Надо отметить, что вообще у нас в КБ служба веса всегда была не в чести. Принимались технические решения, в первую очередь, по качеству их функциональной деятельности. Я только что писал, что мы приняли 4-канальную гидравлическую систему. Все хорошо, по два насоса на двигатель и управление работает при отказе двух систем. Четыре раза дублированные трубопроводы, а на «Конкорде» две системы трубопроводов — отказал насос, подключают запасной, к той же системе - трубы не текут. Вес почти в два раза меньше. Конструкторам было выгодно сразу вложить вес: потом снизили и получили премиальные. Вспомним, что при переработке чертежей самолета Ту-2, только за счет рационализации размещения агрегатов и потребителей электропитания сэкономили порядка 400 кг веса. Рационализация области применения и переработка чертежей Ту-16 дала около 5000 кг экономии веса. Практически во всех эскизных проектах мы заявляли веса на 10% меньше реализованных.
Мне кажется, что на Ту-144 было хуже всего: вес пустого снаряженного опытного самолета в 1965 г. заявили 64 тонны, а в 1968 г. сделали 84 тонны. По серийному самолету грозились сделать 84 тонны, а сделали 97 тонн.
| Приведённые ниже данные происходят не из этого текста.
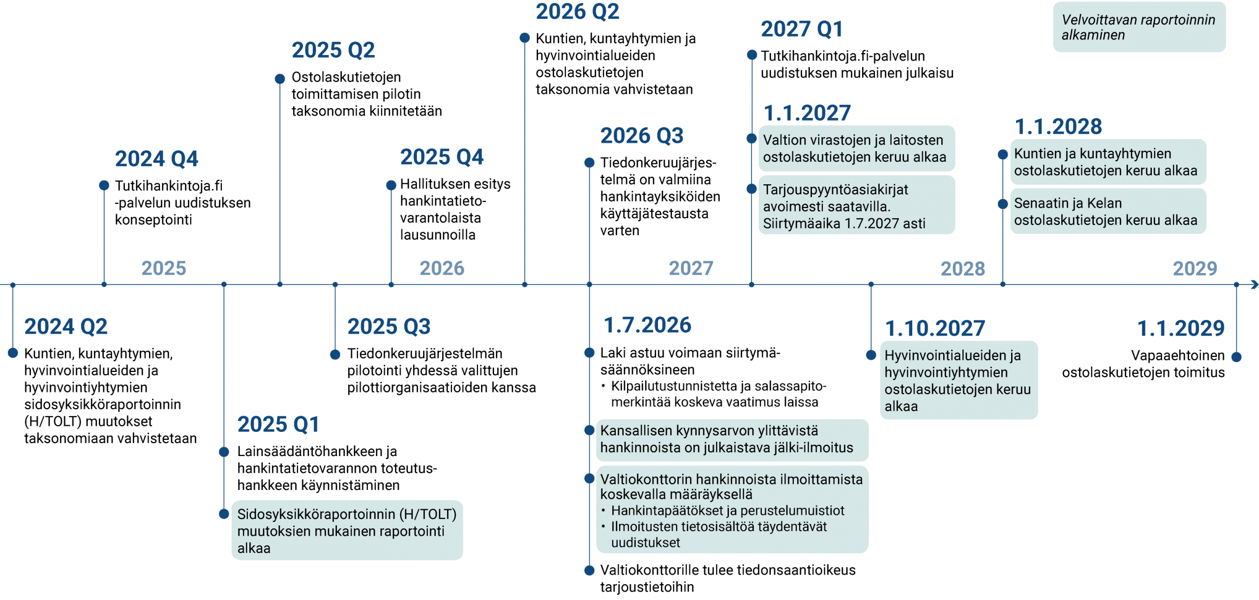 • Lokakuu 2025 – helmikuu 2026: ostolaskutietojen toimitus Valtiokonttorille 2-3 kuukaudelta
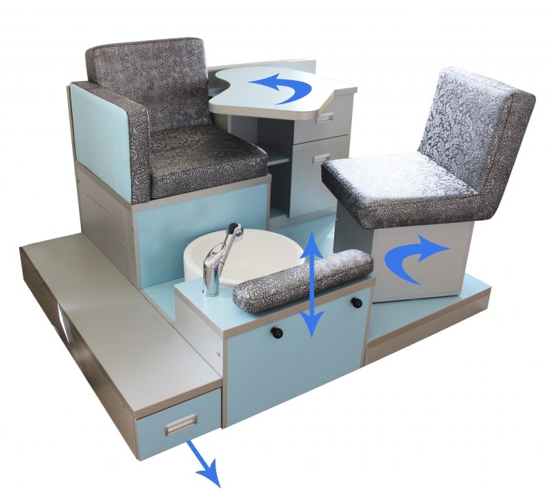 Пожалуй одним из основных желаний мастеров как маникюра, так и педикюра, остается желание чтобы все необходимое всегда было под рукой. Желание многих можно осуществить с СПА-комплексом «Руфик». Это не только комфортабельное место для клиента, но и удобное расположение всех инструментариев и приборов для мастера. При  наличии такого комплекса совершенно не нужно переживать об устройстве уголка маникюра или педикюра, поскольку он объединяет все это в себе. Такой СПА-комплекс можно считать полноценной комнатой красоты. Здесь и удобный столик для маникюра с максимальным комфортом расположен как к клиенту, так и к мастеру, и все необходимое для педикюра. Также, помимо прочего, есть несколько миниатюрных ящичков для необходимого инвентаря в работе. Кресло клиента также избирательно учитывалось при планировке, оно повернуто таким образом, чтобы обеспечить максимальный доступ и для маникюра и для педикюра.
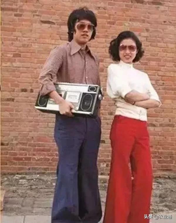 1980年代,北京,时尚小年青。穿着拖把一样的扫地喇叭裤, 戴着一副蛤蟆镜,身上再扛着一台收音机。
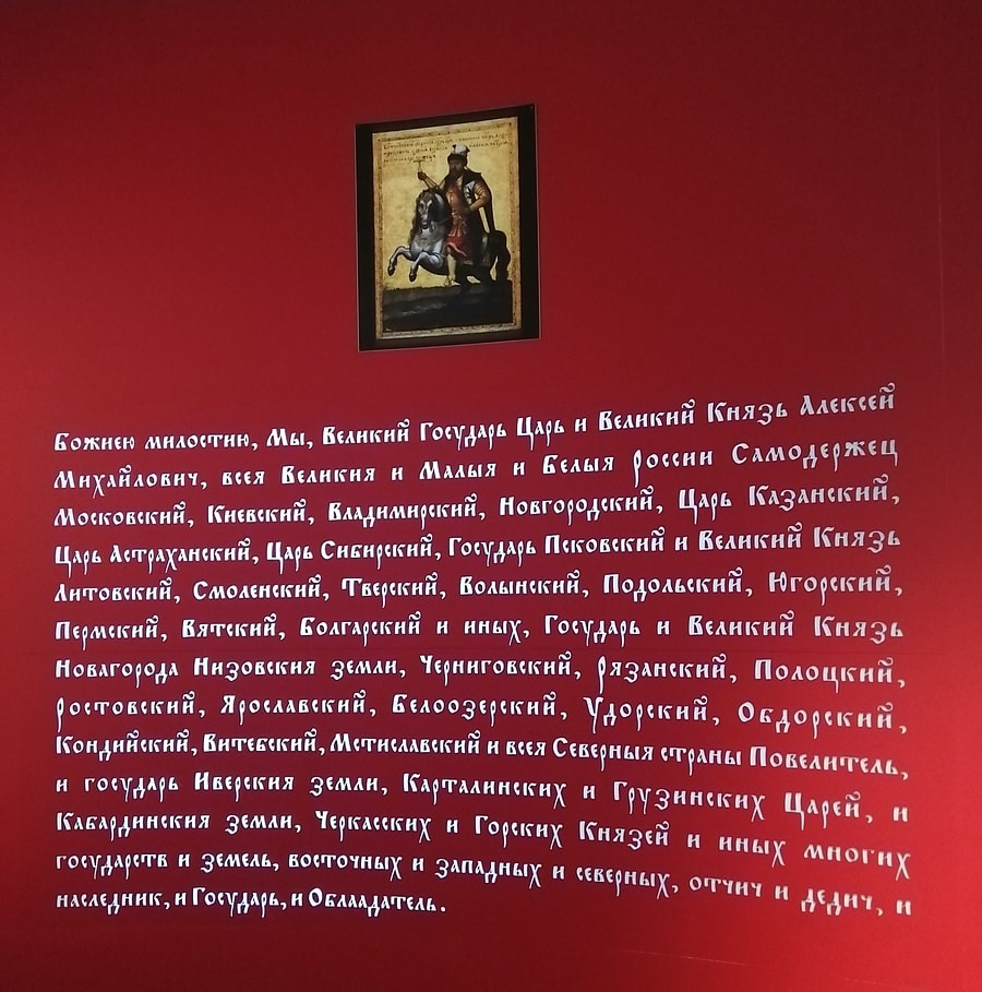 В Стрелецких палатах познакомились с полным титулом царя Алексея Михайловича, впечатляет.

У нас был период, когда серийные чертежи на Ту-144Д лежали около года. Я уговаривал Алексея Андреевича дать команду переделать весь комплект, чтобы сбросить 5—10 тонн. Никто нам не позволит — был окончательный аргумент. Шестью годами позже об облегчении Ту-144 на 8—10 тонн заговорил даже министр авиационной промышленности. Тяжелый вес самолета сулил министру большие трудности с металлом, полуфабрикатами, агрегатами оборудования и производством на серийном заводе.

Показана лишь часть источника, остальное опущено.